## PROBLEM REQUIREMENTS
Nothing but an exact copy is asked for: the lines in the material below from the one with "12月7日,中国央行最新数据" through the one with "BeerBro Women's Distressed", pictures excluded.

## RECORDS SHOWN
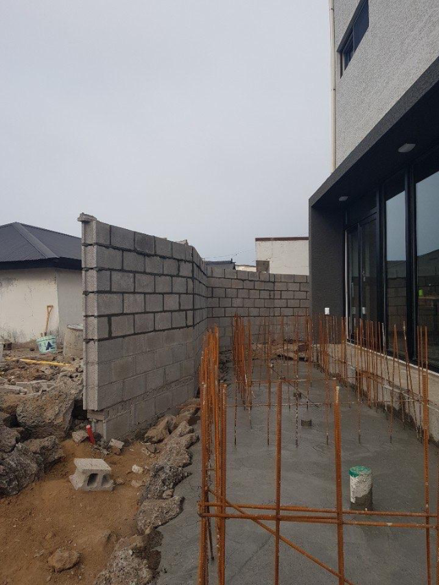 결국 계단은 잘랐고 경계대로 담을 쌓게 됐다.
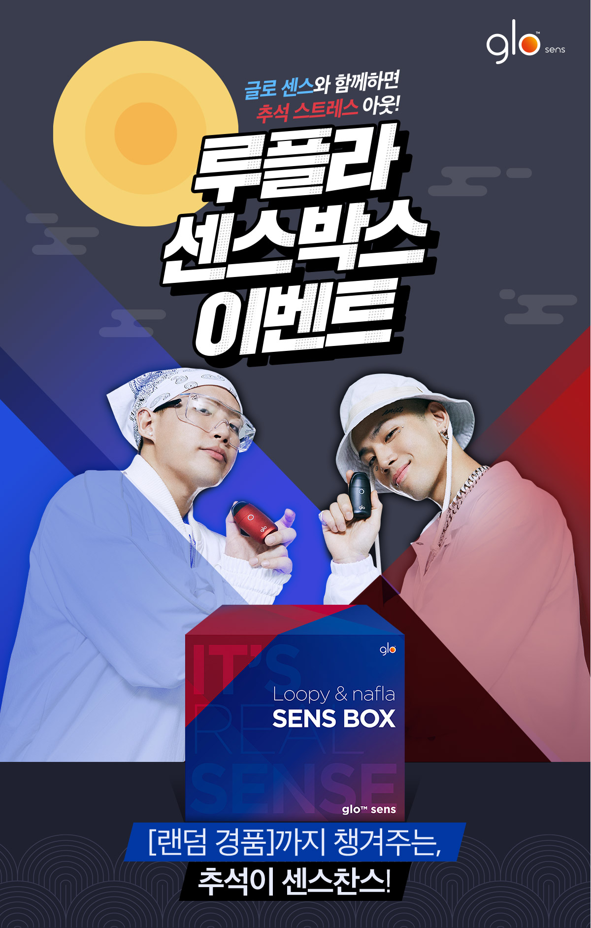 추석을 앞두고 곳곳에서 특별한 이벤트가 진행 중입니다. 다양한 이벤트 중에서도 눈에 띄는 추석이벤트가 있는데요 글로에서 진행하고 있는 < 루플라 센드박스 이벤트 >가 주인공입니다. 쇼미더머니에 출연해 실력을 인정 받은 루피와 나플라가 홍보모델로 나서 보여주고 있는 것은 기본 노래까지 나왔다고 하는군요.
---
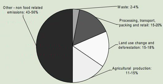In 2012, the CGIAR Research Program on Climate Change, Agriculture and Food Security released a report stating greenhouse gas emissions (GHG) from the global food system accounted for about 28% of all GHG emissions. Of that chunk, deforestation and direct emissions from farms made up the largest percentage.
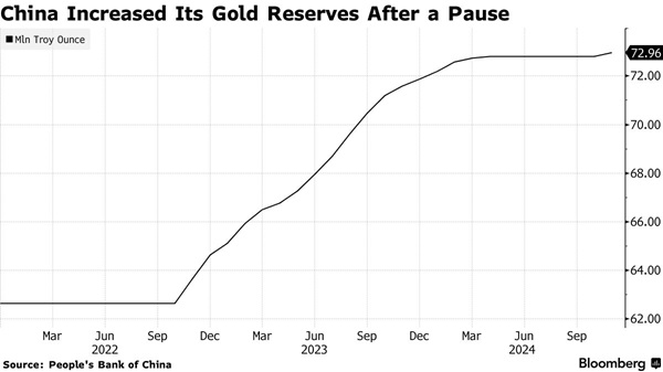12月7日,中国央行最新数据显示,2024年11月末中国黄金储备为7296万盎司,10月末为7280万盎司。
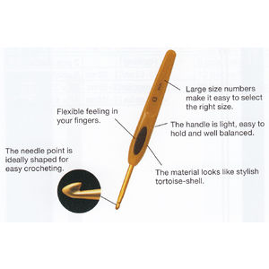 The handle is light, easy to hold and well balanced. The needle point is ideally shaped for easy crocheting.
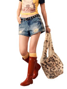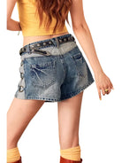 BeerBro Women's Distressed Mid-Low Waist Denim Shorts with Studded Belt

## RESPONSE AREA
12月7日,中国央行最新数据显示,2024年11月末中国黄金储备为7296万盎司,10月末为7280万盎司。
 The handle is light, easy to hold and well balanced. The needle point is ideally shaped for easy crocheting.
 BeerBro Women's Distressed Mid-Low Waist Denim Shorts with Studded Belt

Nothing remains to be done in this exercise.